Patients with atrial fibrillation could reduce the risk of dementia by taking stroke prevention medications, according to recommendations published online today in EP Europace, a European Society of Cardiology journal, and presented at EHRA 2018. The international consensus document was also published in HeartRhythm, the official journal of the Heart Rhythm Society (HRS), and Journal of Arrhythmia, the official journal of the Japanese Heart Rhythm Society (JHRS) and the Asia Pacific Heart Rhythm Society (APHRS).
The expert consensus statement on arrhythmias and cognitive function was developed by the European Heart Rhythm Association (EHRA), a branch of the European Society of Cardiology (ESC); the Heart Rhythm Society (HRS); the Asia Pacific Heart Rhythm Society (APHRS); and the Latin American Heart Rhythm Society (LAHRS).
Heart rhythm disorders (arrhythmias), as well as some procedures undertaken to treat them, can increase the risk of cognitive decline and dementia. The international consensus document was written for doctors specialising in arrhythmias and aims to raise awareness of the risks of cognitive impairment and dementia and how to reduce them.
The document states that atrial fibrillation is associated with a higher risk for cognitive impairment and dementia, even in the absence of apparent stroke. This may be because atrial fibrillation is linked with a more than two-fold risk of silent strokes. The accumulation of silent strokes and the associated brain injuries over time may contribute to cognitive impairment.

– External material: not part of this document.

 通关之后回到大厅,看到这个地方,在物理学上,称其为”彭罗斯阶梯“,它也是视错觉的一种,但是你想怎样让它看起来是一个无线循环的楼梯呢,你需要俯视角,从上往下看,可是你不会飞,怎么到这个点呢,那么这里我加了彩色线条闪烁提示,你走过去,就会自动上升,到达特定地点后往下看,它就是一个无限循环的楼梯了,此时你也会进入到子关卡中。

Stroke prevention with oral anticoagulant drugs is the main priority in the management of patients with atrial fibrillation. The consensus document says that oral anticoagulation may reduce the risk of dementia.

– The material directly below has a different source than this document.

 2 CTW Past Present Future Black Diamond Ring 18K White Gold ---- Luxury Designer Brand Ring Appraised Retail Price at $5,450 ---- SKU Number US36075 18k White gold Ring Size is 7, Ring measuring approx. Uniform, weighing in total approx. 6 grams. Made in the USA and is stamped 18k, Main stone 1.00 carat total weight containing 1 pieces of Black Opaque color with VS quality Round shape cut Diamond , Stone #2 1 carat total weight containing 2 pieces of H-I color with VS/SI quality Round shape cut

Adopting a healthy lifestyle may also reduce the risk of cognitive decline in patients with atrial fibrillation. This includes not smoking and preventing or controlling hypertension, obesity, diabetes, and sleep apnoea.
“Patients with atrial fibrillation may be able to reduce their risk of cognitive impairment and dementia by taking their oral anticoagulation medication and having a healthy lifestyle,” said Dr Nikolaos Dagres, lead author and consultant, Department of Electrophysiology, Heart Centre Leipzig, Germany.
The document also reviews the association between other arrhythmias and cognitive dysfunction, including post-cardiac arrest, in patients with cardiac implantable devices such as implantable cardioverter defibrillators (ICDs) and pacemakers, and ablation procedures.
Treatment of atrial fibrillation with catheter ablation can itself lead to silent strokes and cognitive impairment. To reduce the risk, physicians should follow recommendations for performing ablation and for the management of patients before and after the procedure.
The consensus document notes that physicians may suspect cognitive impairment if a patient’s appearance or behaviour changes—for example, if appointments are missed. Family members should be asked for collateral information. If suspicions are confirmed, the consensus document recommends tools to conduct an objective assessment of cognitive function.
The paper highlights gaps in knowledge and areas for further research. These include, for instance, how to identify atrial fibrillation patients at increased risk of cognitive impairment and dementia, the effect of rhythm control on cognitive function, and the impact of cardiac resynchronisation therapy (CRT) on cognitive function.